La récente déclaration du président Obama selon laquelle « we tortured some folks. We did some things that were contrary to our values » est venue fragiliser la position de Londres par rapport à Diego Garcia utilisée comme prison illégale pour torture. Dans une récente correspondance en date du 14 juillet, soit peu avant son départ du gouvernement Hague, à l’organisation britannique Reprieve, qui mène un combat sans relâche pour faire éclater la vérité sur les cas de torture à Diego-Garcia, l’ancien Secretary au Foreign and Commonwealth Office, William Hague, a voulu être rassurant sur la question.
« The UK government has not sought to influence the content of the Senate report. We have made some representations to seek assurance that ordinary procedures for clearance of UK material will be followed in the event that UK material provided to the Senate Committee were to be disclosed », écrit William Hague dans cette lettre officielle. Dans le même souffle, le Foreign and Commonwealth Office est revenu sur les documents secrets abîmés par l’eau à Diego Garcia.
« Though we feared some of these might have been water damaged recently, we now believe only a small number of immigration cards completed by civilians entering the territory (i. e. leaving the airport of Diego-Garcia) have been irretrievably damaged », note William Hague sans révéler les détails des documents confidentiels endommagés par l’eau.

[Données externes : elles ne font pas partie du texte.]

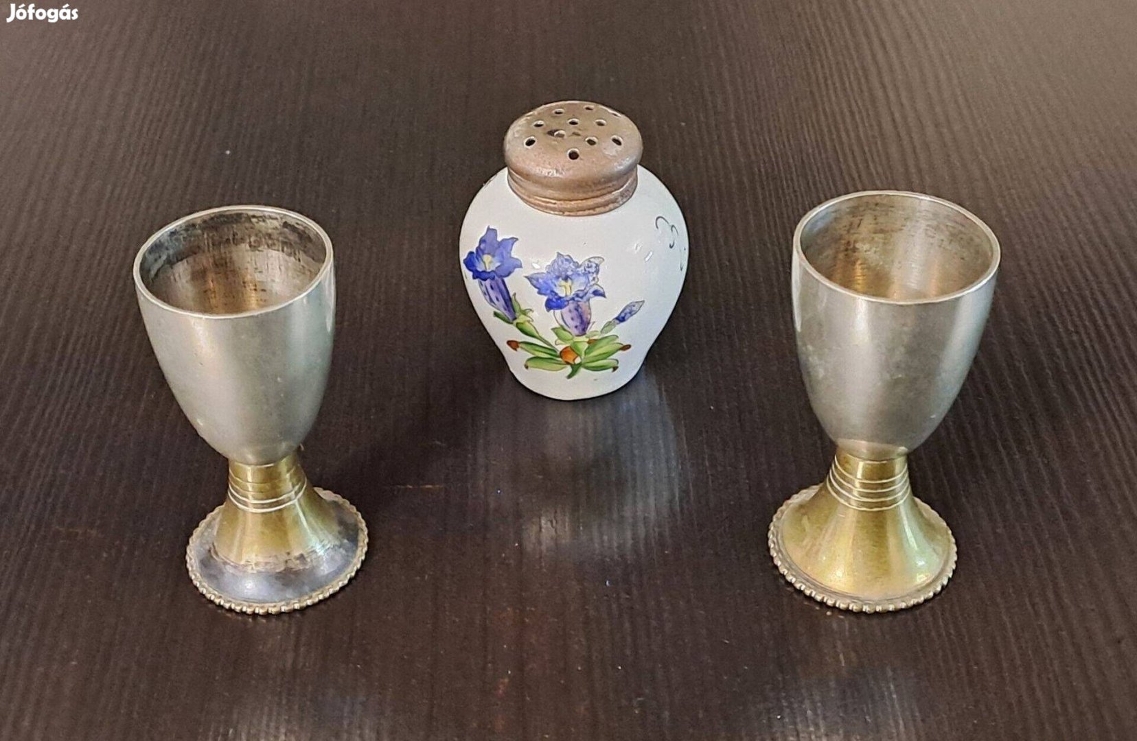 Porcelán sótartó és két kis kupica vagy fogpiszkálo tartó.

Réagissant à la prise de position du Foreign and Commonwealth Office sur l’affaire Diego-Garcia, Reprieve a publié sur son site web en date d’hier un commentaire de son directeur Cori Crider attaquant Londres de vouloir censurer le rapport du comité du Sénat américain. « “This shows that the UK Government is attempting to censor the US Senate’s torture report. In plain English, it is a request to the US to keep Britain’s role in rendition out of the public domain. It also turns the Government’s defence in the Libyan renditions case of Abdel-Hakim Belhaj and his wife entirely on its head. The government protested that America would be angered if this kidnap case ever went to trial – and now we learn the British government is leaning on the Americans not to air Britain’s dirty laundry. It exposes their litigation stance as mere posturing” », souligne le directeur de Reprieve à un moment extrêmement délicat où la question du renouvellement du bail des Chagos doit être discutée officiellement.